You're assuming that because the NSA would like to have such a capability (as would most programmers), that they actually do, because they have abundant money to throw around. Likewise, I'm sure the Air Force, Army etc. would all like to have antigravity generators, and they have abundant money to throw at the problem, so they must have them, right?
Of course not. 'A compiler that adds backdoors to software' implies a compiler that knows which routines are for security and which are not. How exactly is it to distinguish between
And that's before the other obvious objection that looking at compiled code in a debugger/disassembler is going to reveal lumps of code that were not put there by the original author. Invisible on a sufficiently large project? Sure, but an encryption/decryption program doesn't need to be very large to begin with - all it has to do is to reliably transform a block of data into scrambled form and back again. This is more amenable to proof than most computer programs (not least because it has no need to be interactive). Furthermore, we can easily imagine test cases that are very very short; ROT-13 is a lousy cipher, but it is a cipher, and one that can be implemented in ~20 lines of (non-obfuscated) code. Now suppose we make a variant that asks the user how many places to rotate by (eg 14) and that number functions as our 'secret' key. Still hopelessly insecure to anyone over the age of 10, but what of it? Wouldn't your hypothesized 'insecurity demon' need to put a backdoor in anyway, because it is an encryption tool, be it ever so primitive? And wouldn't that block of code show up in a debugger? If your answer is no, you're now positing hidden functionality that not only divines programmers' intentions and subverts those that are intended to add security, but also looks at the quality of the security algorithm and only sticks in a backdoor if it passes a certain threshold of cleverness.
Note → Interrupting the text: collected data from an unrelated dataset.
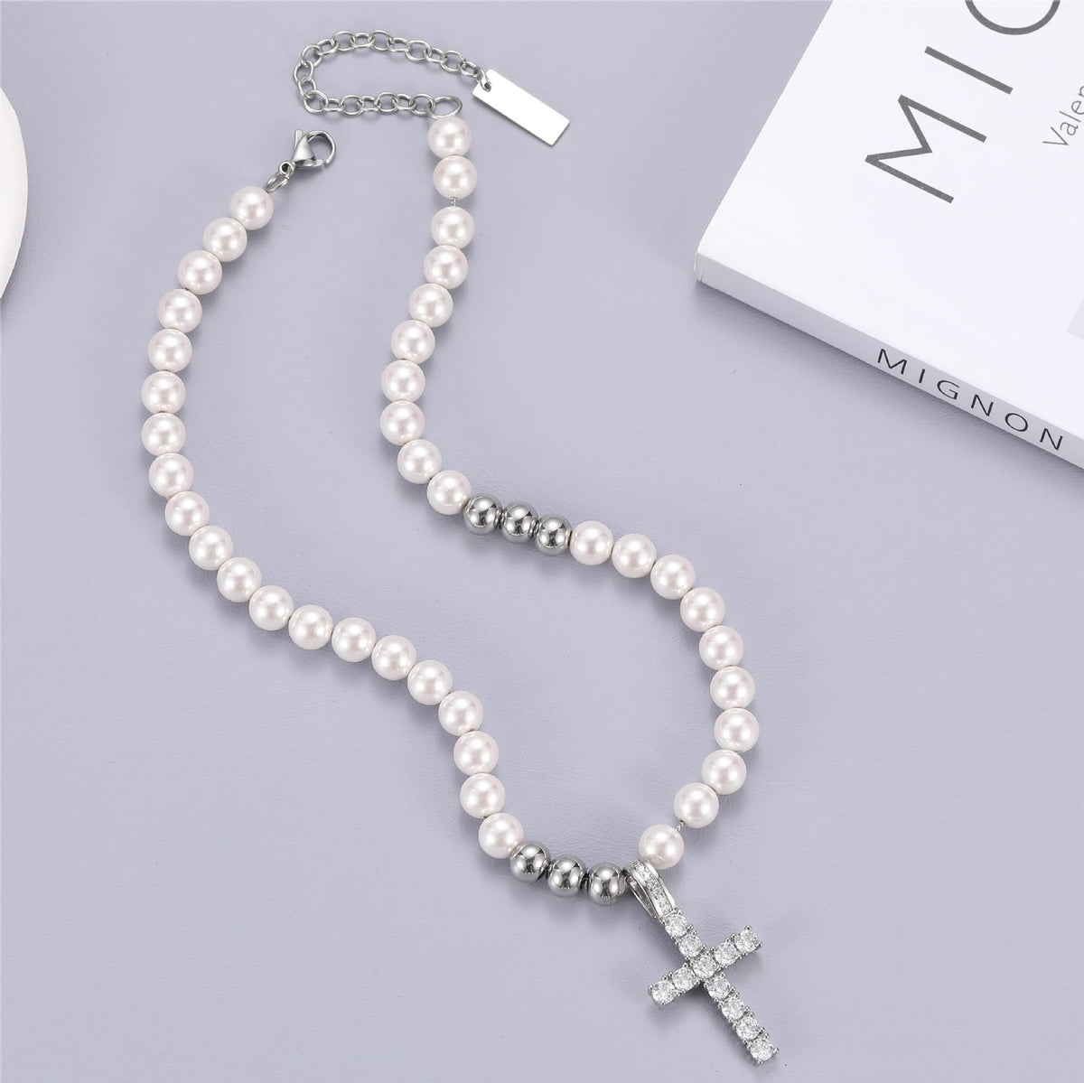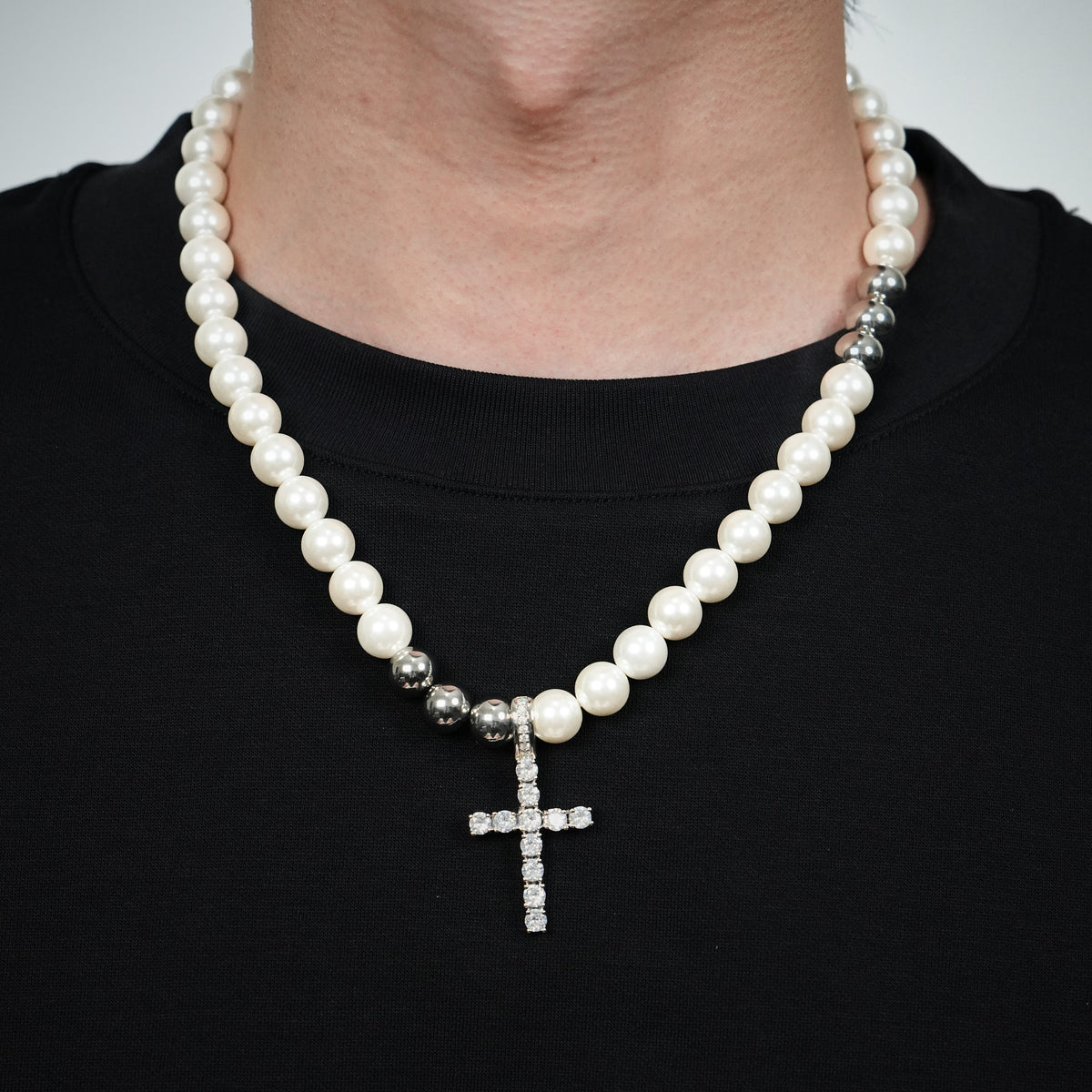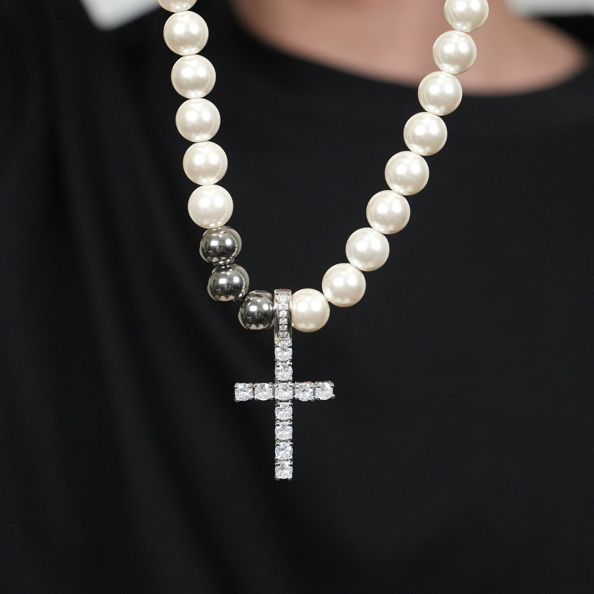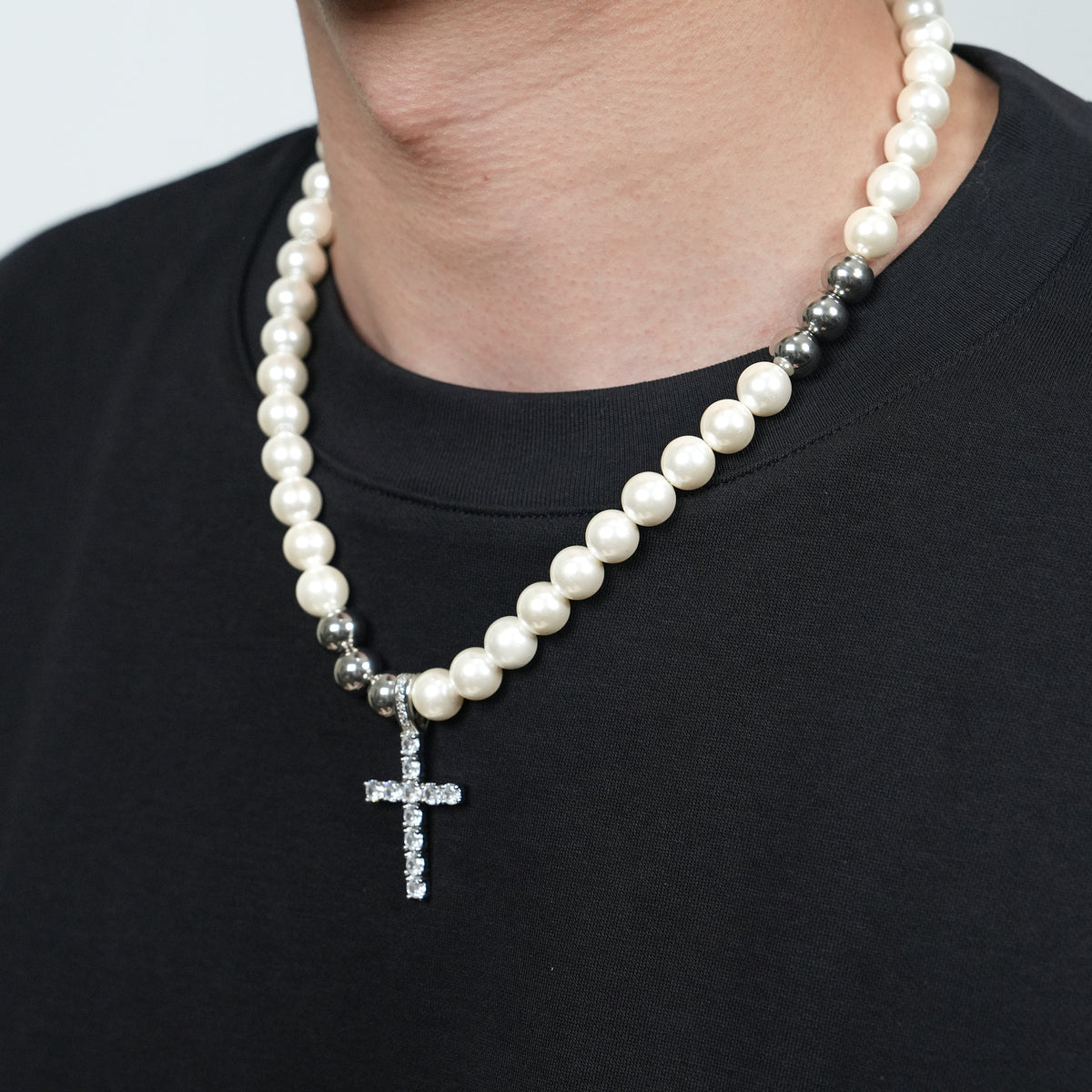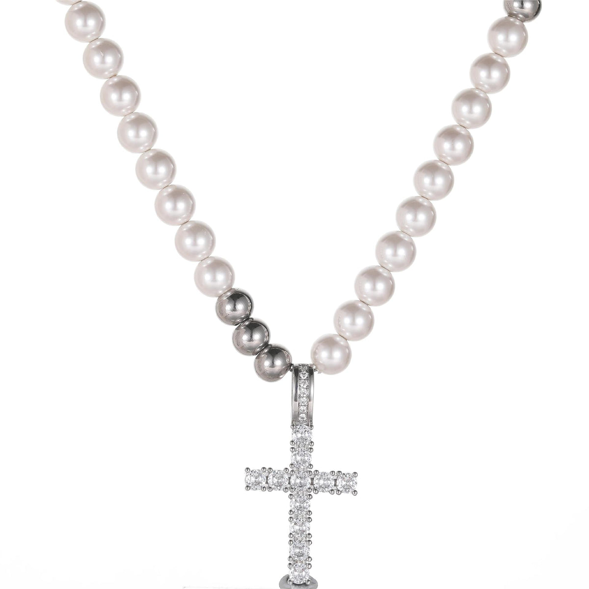Elias captures the balance between modern devotion and timeless ornament. Featuring a crystal-studded cross pendant suspended from a beaded chain that alternates between luminous white faux pearls and cool-toned stainless steel spheres, this hybrid necklace redefines classic elegance with edge. The structure of the beads draws the eye into the center—where a radiant cubic zirconia cross becomes the anchor of the composition.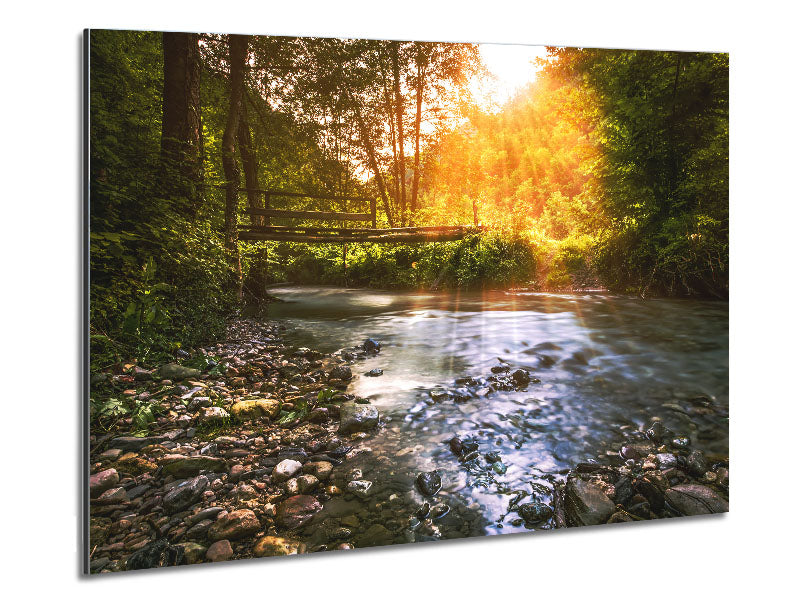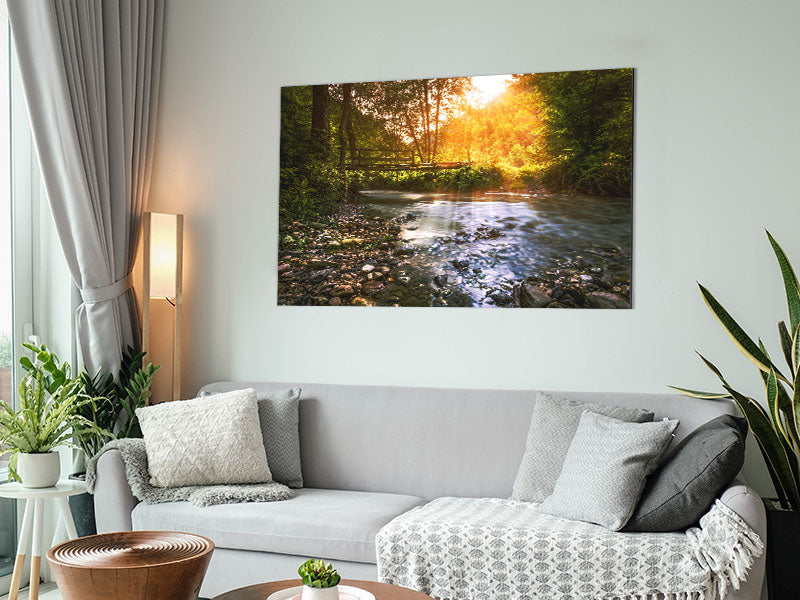 Handmade bridge in the woodlands Printed on brushed aluminium dibond. A modern way to display art and easy to maintain.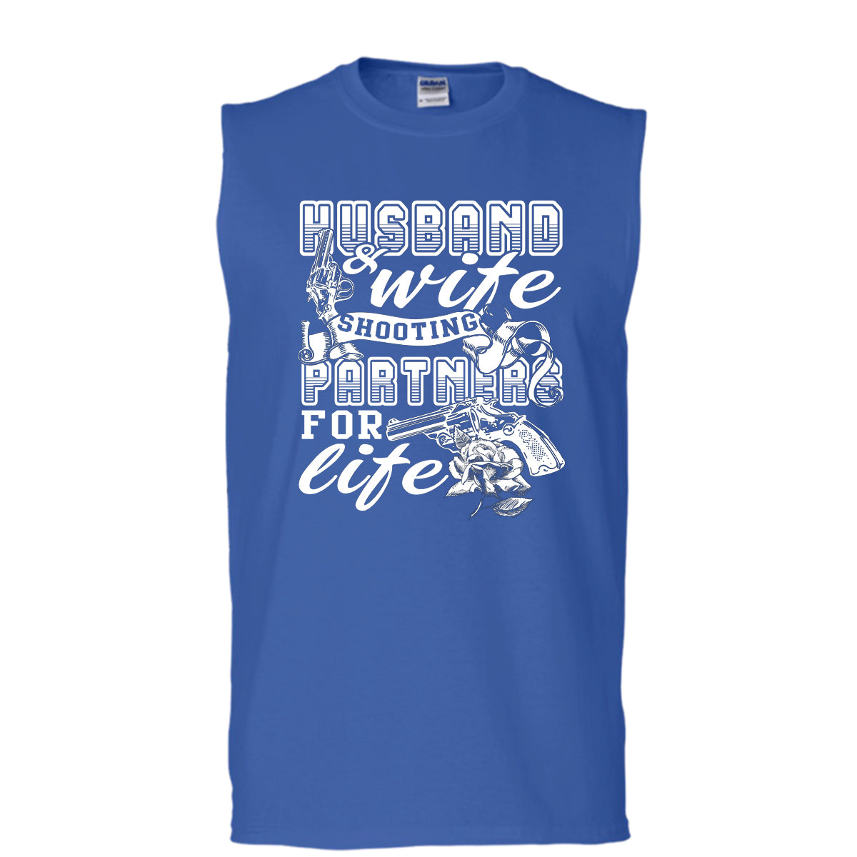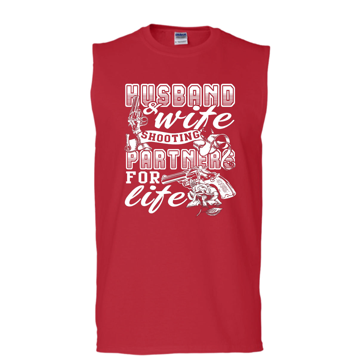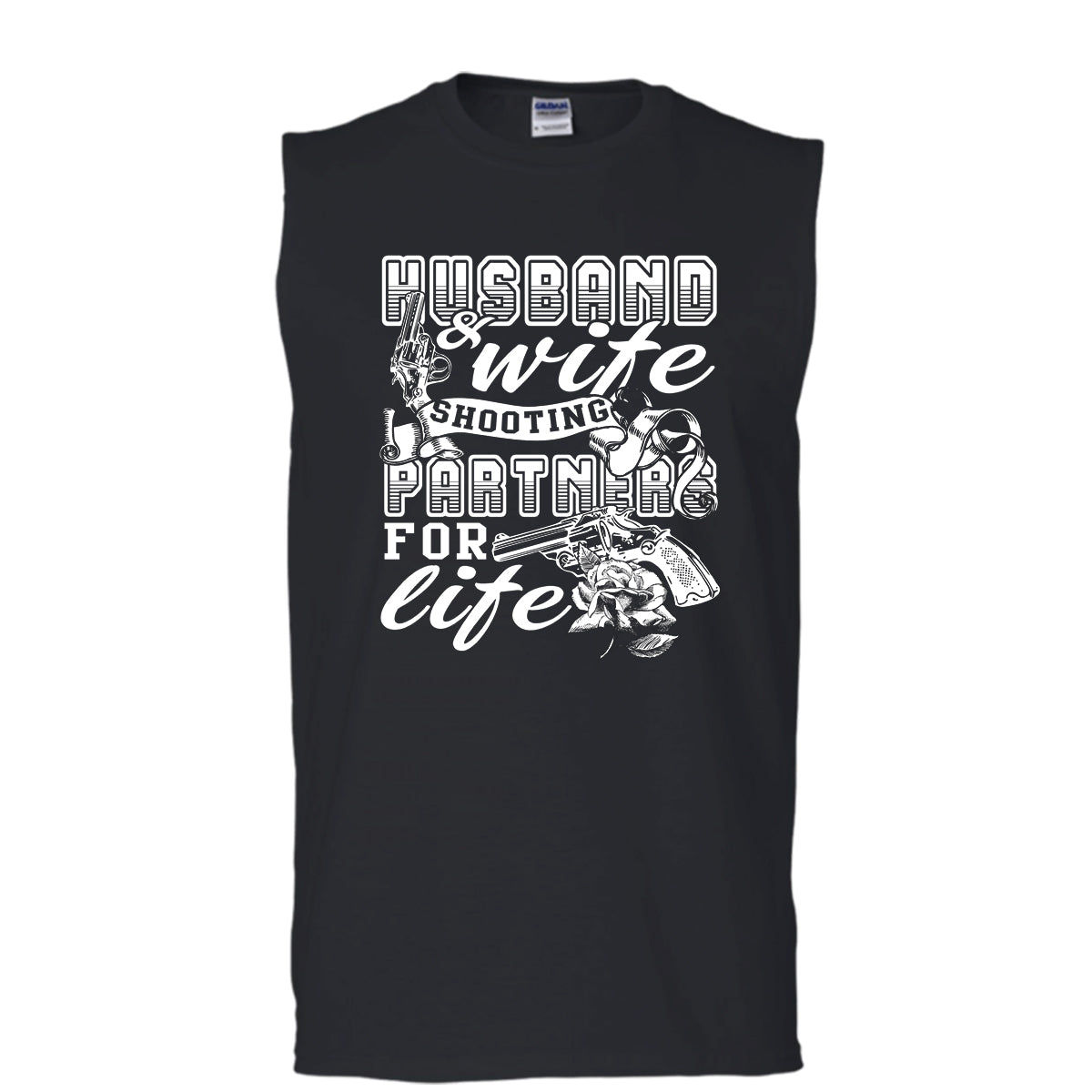 Husband & Wife T Shirt, Shooting Partner For Life T Shirt, Cool T Shirt (Men's Cotton Sleeveless)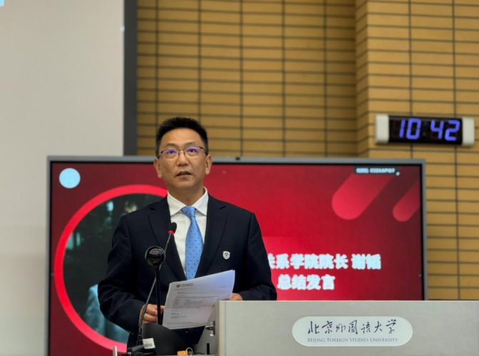 谢韬院长向在场新生表示热烈的欢迎与祝贺,并对2025级新生提出了五点期待:第一,须有出色的外语能力,重视外语学习;第二,坚持“以德为先”,成为德智体美劳全面发展的人才;第三,持之以恒地学习,保持对专业的热情与阅读的习惯;第四,积极与师长交流,主动与老师们沟通困惑、交流学习;第五,充分利用在校优质资源,提升综合素质。谢韬院长鼓励全体新生立志成为学贯东西、博览古今的国际化人才,培养专业学习能力,涵养高尚道德品格,提高个人综合素质。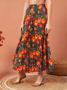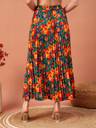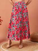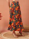 Make a bold fashion statement with this stunning pleated maxi skirt featuring a vibrant floral pattern. The eye-catching design showcases beautiful orange and red roses against a rich emerald green background, creating a mesmerising garden-inspired look. The comfortable elastic waistband ensures a perfect fit while the flowing pleated silhouette adds graceful movement to every step. This versatile maxi skirt falls elegantly to ankle length, making it ideal for both casual outings and special occasions. The premium fabric drapes beautifully, creating an enchanting effect with its perfectly structured pleats. Style this gorgeous skirt with a solid-coloured top and complementary accessories for a sophisticated ensemble. The striking colour combination and timeless floral print make this skirt a wardrobe essential that transitions seamlessly from day to evening wear.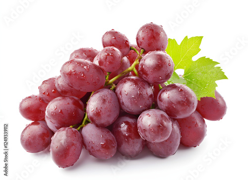 © Jannik, Fototapeta premium A bunch of fresh, purple grapes isolated on a white background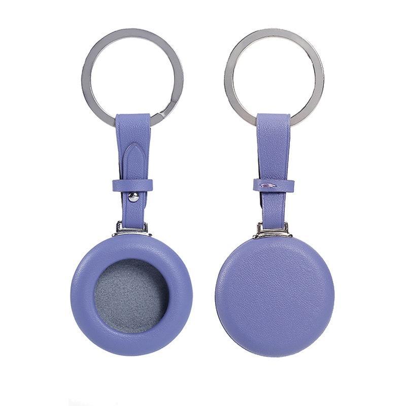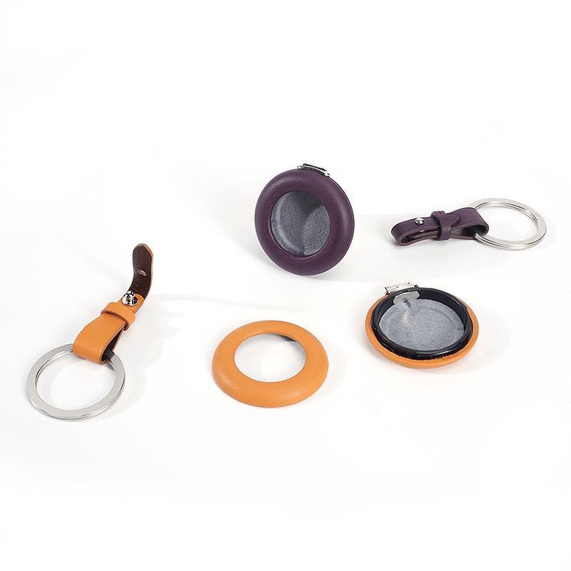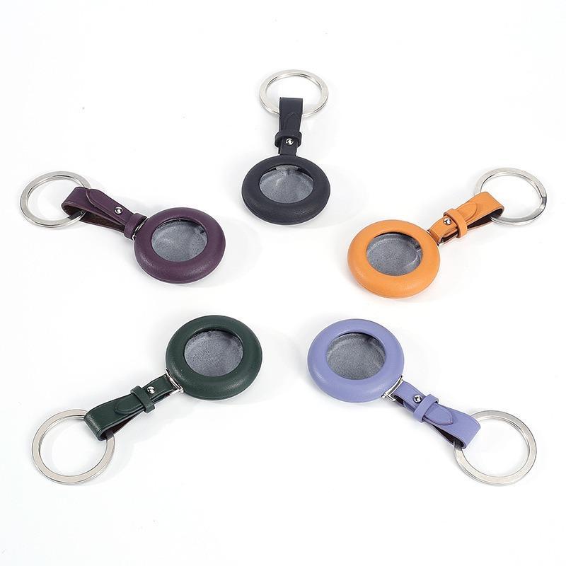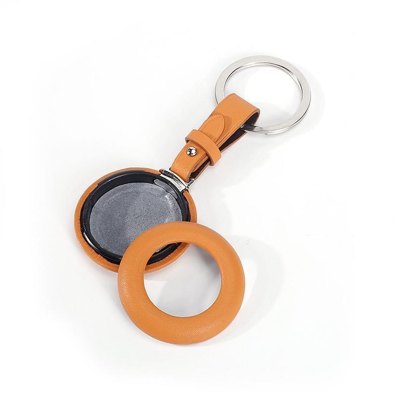 For Airtag Genuine Leather Shockproof Anti-scratch Protective Case Cover with Keychain(Orange)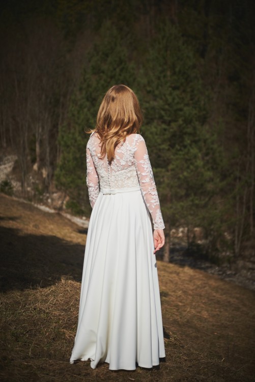 Góra sukni wykonana jest z ręcznie przyszywanej koronki, dekolt wykończony perłową siateczką, zapinana na guziki. Dół sukni uszyty jest z krepy w tym samym kolorze, w tali pasek, z tyłu zapinany na zatrzask z kokardką. Suknię z łatwością można skrócić lub zwęzić gorset. Połączenie ręcznie wyszywanej, delikatnej koronki oraz krepy sprawia, że suknia idealnie pasuje na ślub jesienny i zimowy.

I wish compilers had those smarts built in! Think how much tedious/craptacular code could be automated away by simply labeling things as 'sekrit!!' and having the NSA module inside the compiler generate lightweight, reliable code with no real penalty! It would take the pain out of unit testing for ever!
Timing attacks for instance, could plausibly fall out of optimizations that terminate a loop when it's clear that the value being computed won't change (e.g. is false and is repeatedly getting anded with things). This would probably be even worse for power consumption or other side channels. For a potentially easier to measure side channel, you might try introducing some state-dependent delay (short and caused by something like that loop optimization) in a bit of code preceding a packet send.
Alternately, introducing (via incorrect optimizations) the right kinds of buffer overruns or race conditions that corrupt a pointer just right, could get you a nice stack smashing exploit with certain (very abnormal) inputs -- and remote access to the machine in question.
The attack to be worried about goes like this: You build "Firefox Setup 23.0.1.exe" and intentionally insert a backdoor into the setup process. You make sure the setup process appears to function exactly the same as the clean installer (not hard). You then replace Firefox Setup 23.0.1.exe on various distribution websites with your malicious version. Or you MITM the distribution websites in order to send your malicious version in place of the one the user expects to be downloading.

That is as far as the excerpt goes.